Rets - E quem são esses homens? Como eles reagem a essa abordagem?


Jorge Lyra - Se analisarmos os jovens com quem trabalhamos, são predominantemente pobres e principalmente negros. Com isto não estamos dizendo que a paternidade, a maternidade e a gravidez na adolescência são prerrogativas dos pobres e negros. Mas não tem como não enxergarmos essa realidade. Nós temos tido um cuidado muito grande com essa discussão no Papai e junto aos jovens. A gente tem cruzado os dados de gênero e idade, ou geração, e raça, fazendo um recorte de todas essas informações para estruturar uma análise mais complexa, mais rica.


No trabalho direto com os jovens pais, eu teria inúmeras histórias para contar, mas, só para dar um exemplo de como eles se sentem estranhos no serviço de saúde: quando a gente faz o contato, quando a gente convida para os grupos, às vezes eles tomam um susto. Teve um, certa vez, numa sala de espera de hospital, que disse: "Não é pra eu estar aqui, não?". E a gente diz: "Claro! Sim! Venha, participe do grupo!”.


 


Rets - Hoje em dia, pelo menos aqui no Rio de Janeiro, é comum ver homens passeando sozinhos com os filhos, participando de forma mais ativa na sua educação. Esse é apenas um fenômeno dos grandes centros urbanos?


Jorge Lyra - Acho que é geral. O que se tem como norma cultural no caso da zona rural é a figura do homem "sério", do “homem de bem” que assume a paternidade. Essa assunção não necessariamente passa pela imagem midiática, que eu ironizo que é comercial de margarina, com todos felizes em volta da mesa, geralmente uma família nuclear com no máximo dois filhos. O que encontramos na zona rural é uma postura que passa pela questão da honra, de assumir suas responsabilidades, em que ainda é muito forte o conceito do provedor financeiro. Por outro lado, a mídia abre possibilidades de chegar à imagem de um homem, um pai mais participativo em todos os lugares. E a gente começa a conhecer histórias de outros lugares, de cidades do interior, de homens que querem acompanhar os filhos, ter acesso a eles, e não conseguem.


 


Rets - Em relação à paternidade, o novo Código Civil acompanhou as transformações ocorridas nas relações de gênero?

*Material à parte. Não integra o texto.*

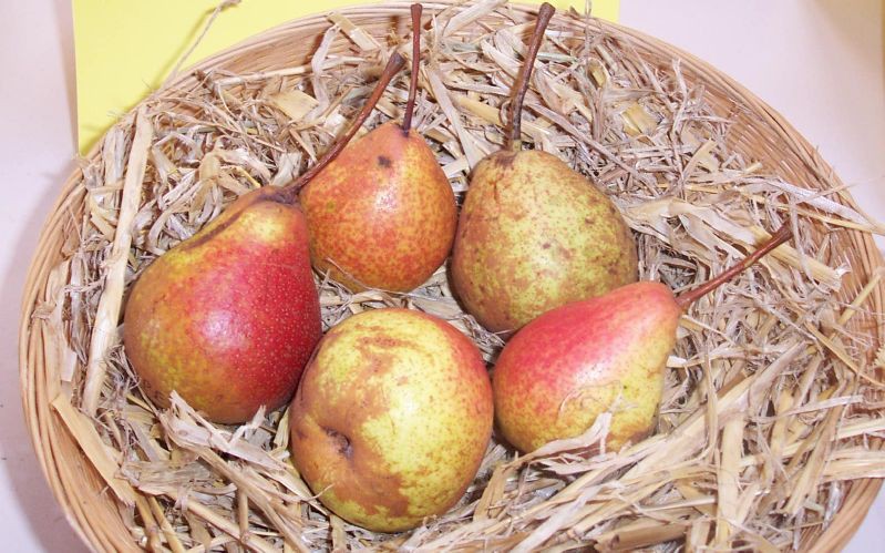 Da ansonsten relativ wenig über diese interessante Birne zu erfahren ist, kommen die Baumpaten wenigstens in den Genuss eines wirklich sehr schönen Fotos der Baumschule Ritthaler. Wie gesagt: Sehen lecker aus, sind aber dennoch „nur“ Mostbirnen 😉

Jorge Lyra - Na concepção de família e guarda, sim. A família é pensada no espaço das relações. Mas não houve menção às famílias homossexuais. Há, naturalmente, a jurisprudência criada pelo caso da Cássia Eller, que foi uma mãe lésbica, que nos dá um grande artifício jurídico para lutar em relação a isso, e a gente vai estudar uma forma de intervenção nesse sentido. Na questão da guarda, ocorre uma mudança no que diz respeito à preferência, em princípio, para as mães. Por outro lado, o Código não fala da guarda compartilhada, que não é exercida primordialmente pelo pai ou pela mãe. Nesse ponto, existe de fato um avanço, mas o Código não chega a contemplar diretamente a questão dos homens ou da negociação. É uma questão que irá depender muito do que o juiz pensa, e a idéia comum ainda é de que a guarda deve ser entregue à mulher, à mãe. A mãe é, sempre e por princípio a melhor cuidadora.


 


Rets - E de que forma vocês têm procurado abordar o exercício da paternidade nas relações homossexuais?


Jorge Lyra - A gente colocou um item no documento que fala sobre pais homossexuais na agenda política sobre a paternidade e incluiu essa discussão na cartilha que foi produzida em parceria com a Confederação Nacional dos Bancários, chamada "Relações compartilhadas", em 2001. É um item que está na pauta das discussões e queremos começar a debater de forma mais intensa. É outra norma cultural muito forte que diz que reprodução não é uma questão para os homossexuais, que eles não podem ter filhos ou ser pais. Infelizmente, não existe nenhum dispositivo legal que assegure direitos ao pai homossexual ou aos homens homossexuais que desejem adotar uma criança. Muitos são os casos em que esses direitos são negados em função de preconceitos e discriminação. Hoje, muitos homossexuais desejam ter e educar filhos e este ainda é um tema controverso em nossa cultura. Nem mesmo o novo Código Civil conseguiu acompanhar as transformações em nossa sociedade, que, progressivamente, passa a ver homossexuais como sujeitos de Direito.